The next (what seemed like) several hours was hell, as we waited to be picked up by our parents.  We sweated, we prayed, we planned how we would give an explanation for the incident that landed us in the hoosegow, and we prayed some more.  I knew I was going to get the whoopin' of my life in just a little while.  I think the thought of the beating that was to come was worse than the experience of being detained, arrested and whisked off to jail.

My buddy's mom came to pick him up first.  Suddenly I was alone awaiting my fate with no one to confide in.

As I laid on the cold hard metal bench inside that cell I realized my father had finally arrived because I could hear his deep voice exchange a few (undiscernable) words with the station jailer a few feet from where I was being held, D-Day had come.

Several minutes later I could hear the jailer's boots as he walked toward my cell.  Then the jingling of his large ring of keys as he inserted one of them into the cell door lock, then I heard the turning of the key, the slamming open of the cell door handle and finally the sound of metal sliding against metal as he slid open the heavy cell door. The heavy metal door sounded a loud boom as it came slamming open,  "OK, let's go" the jailer barked.

For a minute I almost wanted to stay instead of face my father and the impending doom.

I came face to face with my father in the lobby of the station.  He didn't say anything.  He just stood there motinless with a somber, sober look on his face.
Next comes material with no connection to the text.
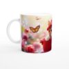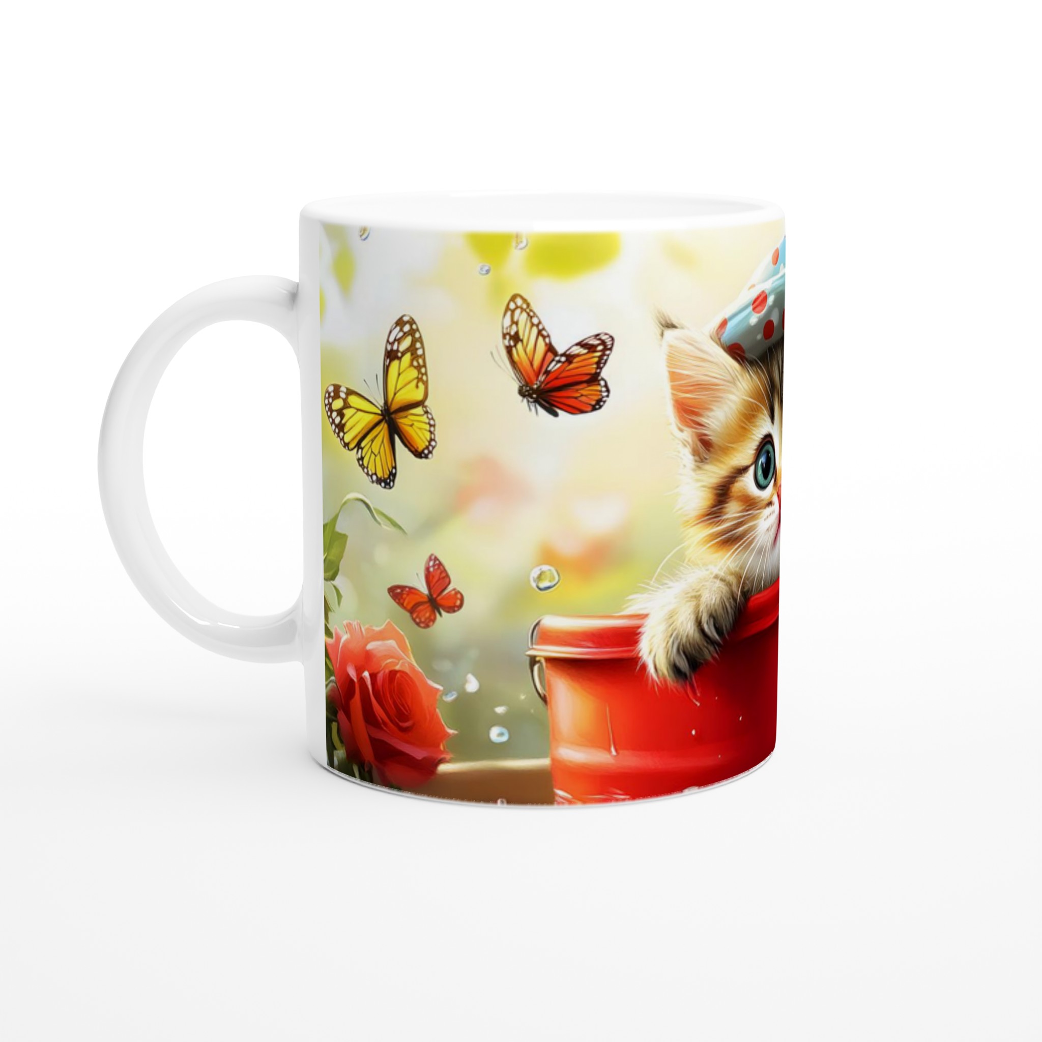 Denna förtrollande keramikmugg fångar hjärtat med sin bedårande design av en charmig kattunge i en prickig hatt, omgiven av livliga fjärilar och vackra rosor. Den är mer än bara en mugg; det är en daglig dos av glädje, perfekt för alla dagens stunder – morgonkaffet, en värmande kopp te eller en härlig varm choklad. Den blanka vita ytan gör att det underbara trycket framträder klart och färgstarkt, vilket gör muggen till en riktig favorit i vardagen för alla katt- och djurälskare.

He remained in that statuesque position and the only thing that moved on his body was his eyes as he gave me a brief head to toe glance to ensure I was in tact.   Once he was satisfied that I wasn't hurt or injured he simply turned and headed out of the station toward the car.  I instinctively knew I was to follow.  I didn't say a word.  I just follwed with my head down and my heart pounding.

I sat down in the back seat of the car and we started for home.  I humbly and patiently waited to be lambasted at any moment.  I was sure to get a  thorough verbal dressing down that would ultimately preceed my sho nuff physical thrashing I would get once we were home.
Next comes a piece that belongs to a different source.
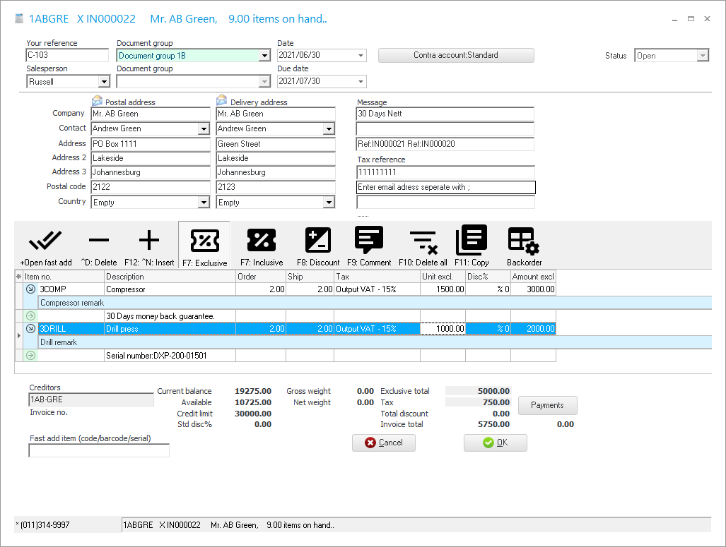 - Orders - You may need to place an Order with any of your creditors (suppliers / vendors). When the goods are received or services are provided, you may confirm the Order against the actual goods received and the original Order. You will do this by converting the Order to a Purchase document.

Finally, the silence was broken, I brace for the forthcoming onslaught; no doubt it would be a serious promise of the inevitable beating I would be subjected to once we were back at the house.
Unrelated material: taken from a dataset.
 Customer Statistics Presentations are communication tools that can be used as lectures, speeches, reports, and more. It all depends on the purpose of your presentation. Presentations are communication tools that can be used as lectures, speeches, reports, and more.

As I listened attentively, scared and horrified as to what we be said, I heard my father exclaim, "don't worry I've made mistakes too."

That was it?  I couldn't believe it. No "are you stupid", or "wait till I get you home?"  talk about relief, talk about waiting to exhale, I could breathe again.  I had dodged a major bullet. More like a scud missile.  In the past I had experienced and witnessed first hand the damage dad could do when he was angry.  Somehow this time it seemed as though I would be spared.

As I reflect on what happened and my father's reaction I now realized that my dad was a well-traveled man of the world, he had spent over two decades in the military.  He had seen a lot and experienced even more and with all his worldly wisdom he realized that that day I went to jail was a teachable moment. Thank God for me he decided to teach by example (offering himself as an imperfect vessel) and not teach by the belt.

To say that I appreciated his act of mercy would be the understatement of the decade, especially knowing full well the pain he was capable of, and oft times more than willing, to inflict.

I realize now that in that moment of mercy my dad was more like our Father than any other time I can remember because, "I did not despise the riches of his goodness, forbearance and longsuffering, knowing that the goodness of God (Father) led me to repentance"  (Romans 2:4)


Hiram Johnson; 20 year veteran of a major metropolitan police agency.